Patriot Games

Our handicapper has stubbornly refused to buy into New England all season. Will that finally change in Super Bowl XLIX?

Tom Brady didn’t have much to celebrate in his last two Super Bowl appearances. Will this one be different? | Photo by Greg M. Cooper/USA Today Sports

Tom Brady didn’t have much to celebrate in his last two Super Bowl appearances. Will this one be different? | Photo by Greg M. Cooper/USA Today Sports

In my five years as this publication’s resident/alleged sports-betting guru, I’ve made more than my fair share of horrific predictions—starting with the very first one: In our inaugural issue, I advised readers to take the favored Colts over the Saints in Super Bowl XLIV. (To my credit, that’s the last time I recommended betting on Peyton Manning in a playoff game!)

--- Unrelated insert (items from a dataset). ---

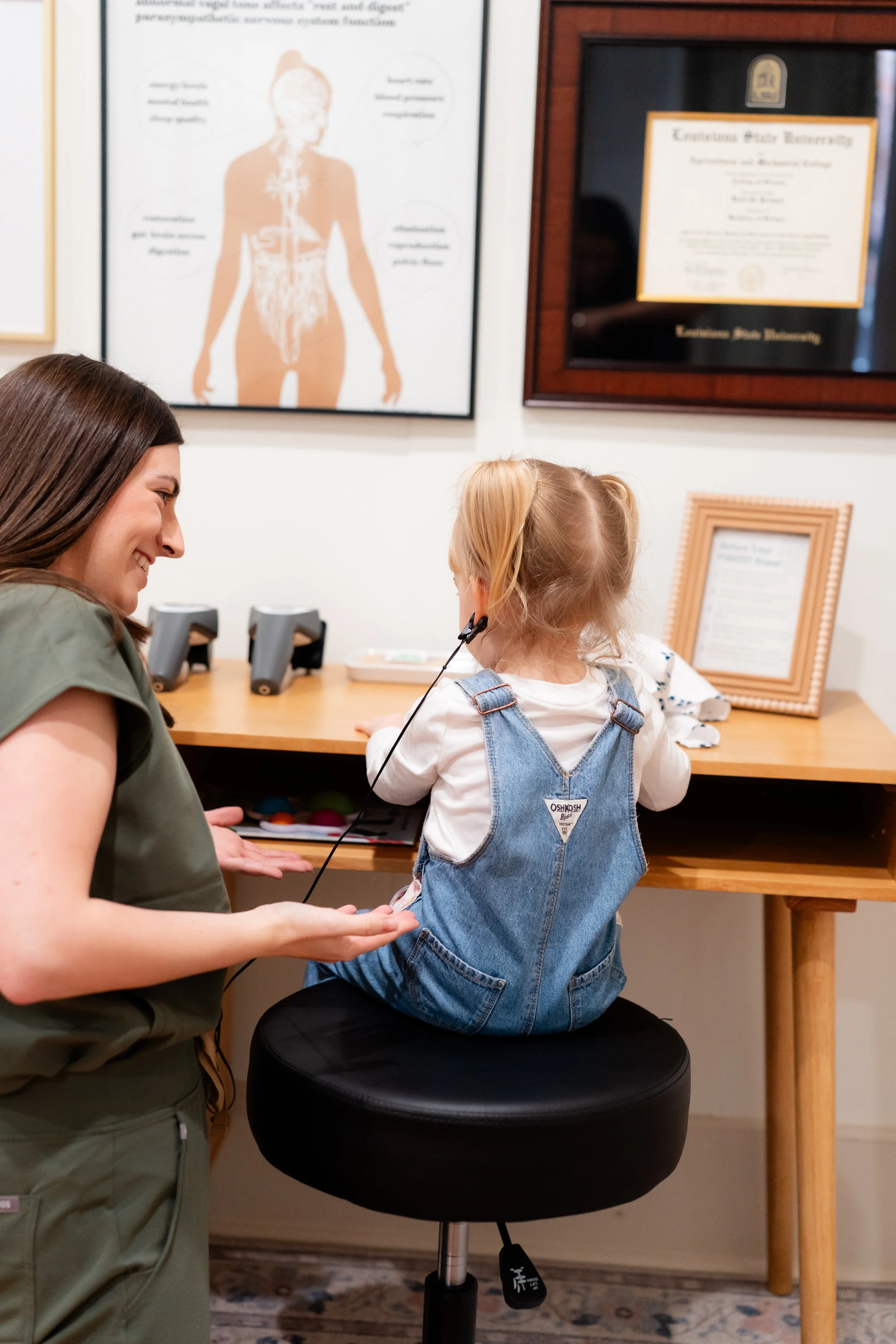 For your first visit, Dr. Kelli will sit down with you to discuss your health history, challenges, questions and goals for you or your family. Following the consultation, we will do an examination to evaluate and assess nervous system function, which includes a series of 3 non-invasive nervous system scans (scans will require access to the skin along the spine, so the patient will be gowned).
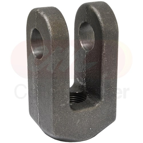 Quality cast steel hydraulic cylinder clevis yoke. Threaded to fit the rod end on agricultural hydraulic cylinders.
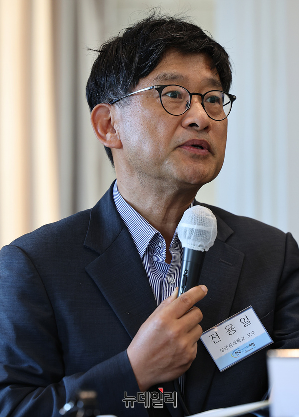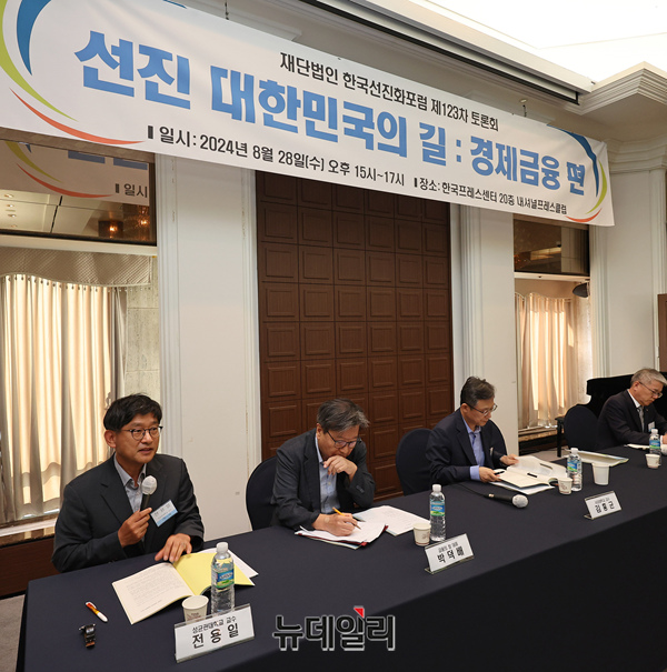 전용일 성균관대 교수가 28일 오후 서울 중구 한국프레스센터에서 열린 한국선진화포럼 제123차 월례토론회에서 토론을 하고 있다.
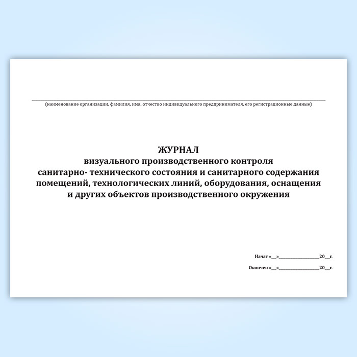 Журнал визуального производственного контроля санитарно-технического состояния и санитарного содержания помещений, технологических линий, оборудования, оснащения и других объектов производственного окружения в Твери купить
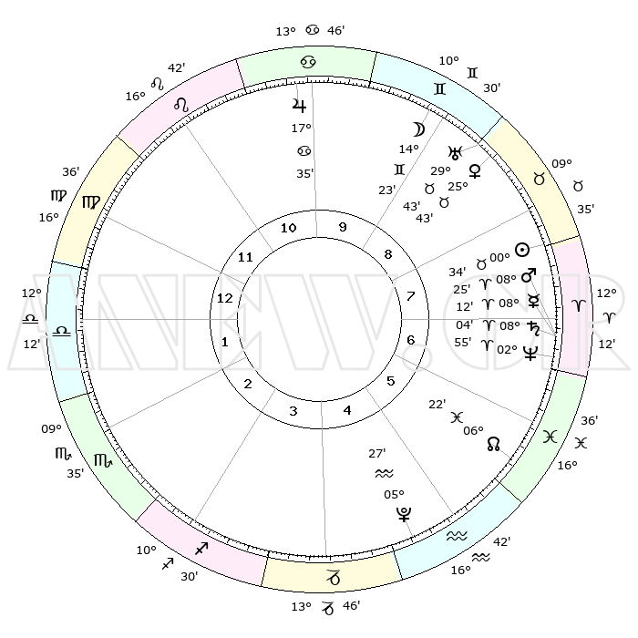 | | ΘΕΣΕΙΣ ΠΛΑΝΗΤΩΝ ΑΣΤΡΟΛΟΓΙΚΟΥ ΧΑΡΤΗ ΤΗΣ ΣΤΙΓΜΗΣ ΑΥΤΗΣ | | | | Πλανήτης | Ζώδιο | Μοίρες | Δεκαήμ. | Σε οίκο | Απόκλιση | | Ακμές των οίκων | | Ηλιος | Ταύρος | 00°31' | Πρώτο | 8 | 11 N 39 | | 1ος | 25°37' | Παρθένος | | Σελήνη | Δίδυμοι | 13°33' | Δεύτερο | 9 | 27 N 27 | | 2ος | 21°53' | Ζυγός | | Ερμής | Κριός | 08°07' | Πρώτο | 7 | 00 N 49 | | 3ος | 22°08' | Σκορπιός | | Αφροδίτη | Ταύρος | 25°39' | Τρίτο | 9 | 19 N 35 | | 4ος | 25°05' | Τοξότης | | Αρης | Κριός | 08°22' | Πρώτο | 7 | 02 N 27 | | 5ος | 28°07' | Αιγόκερως | | Δίας | Καρκίνος | 17°35' | Δεύτερο | 10 | 22 N 39 | | 6ος | 28°44' | Υδροχόος | | Κρόνος | Κριός | 08°03' | Πρώτο | 7 | 01 N 13 | | 7ος | 25°37' | Ιχθείς | | Ουρανός | Ταύρος | 29°43' | Τρίτο | 9 | 19 N 55 | | 8ος | 21°53' | Κριός | | Ποσειδώνας | Κριός | 02°55' | Πρώτο | 7 | 00 S 03 | | 9ος | 22°08' | Ταύρος | | Πλούτωνας | Υδροχόος | 05°27' | Πρώτο | 5 | 22 S 48 | | 10ος | 25°05' | Δίδυμοι | | Β. Δεσμός | Ιχθείς | 06°22' | Πρώτο | 6 | 09 S 10 | | 11ος | 28°07' | Καρκίνος | | Ωροσκόπος | Παρθένος | 25°37' | Τρίτο | | | 12ος | 28°43' | Λέων | | Μεσουράνημα | Δίδυμοι | 25°05' | Τρίτο | | | |

Of those many egregious predictions that could’ve (should’ve) gotten me fired, the one that stands out above all didn’t even directly relate to an actual wagering recommendation. Back in early October, I penned a column suggesting—OK, insisting—that Tom Brady and the New England Patriots were finished following a 41-14 Monday night debacle in Kansas City that left them at 2-2. While watching Brady throw two interceptions, pass for a measly 159 yards and get yanked for his rookie backup, I giddily fired off “It’s over for the Golden Boy and the Hoodie!!!” texts.

Days later, my well-reasoned (or so I thought) column fileting Brady and the Pats hit the streets, accompanied by this headline: How the Mighty Have Fallen, and this subhead: A certain Hall of Fame quarterback is in a downward spiral—as is his once-dominant team. I wrote both—again, giddily.

You know the rest of the story: Brady and his team immediately ripped off a seven-game winning streak that was part of a 12-2 run that has landed New England back in the Super Bowl for a record-tying eighth time—the sixth in the Brady-Belichick era.

Of course, as the Patriots’ victories and spread-covers mounted—they enter the Big Game on a 9-5 ATS run—I remained mostly defiant, going against them several times, most recently in their 45-7 AFC title game rout of the Colts. So now I’m faced with this quandary: Do I risk looking like a fool once again and fade New England, a one-point favorite against Seattle in Super Bowl XLIX? Or do I finally hop on the Brady-Bill Belichick bandwagon (and pray that they didn’t deflate the tires too much)?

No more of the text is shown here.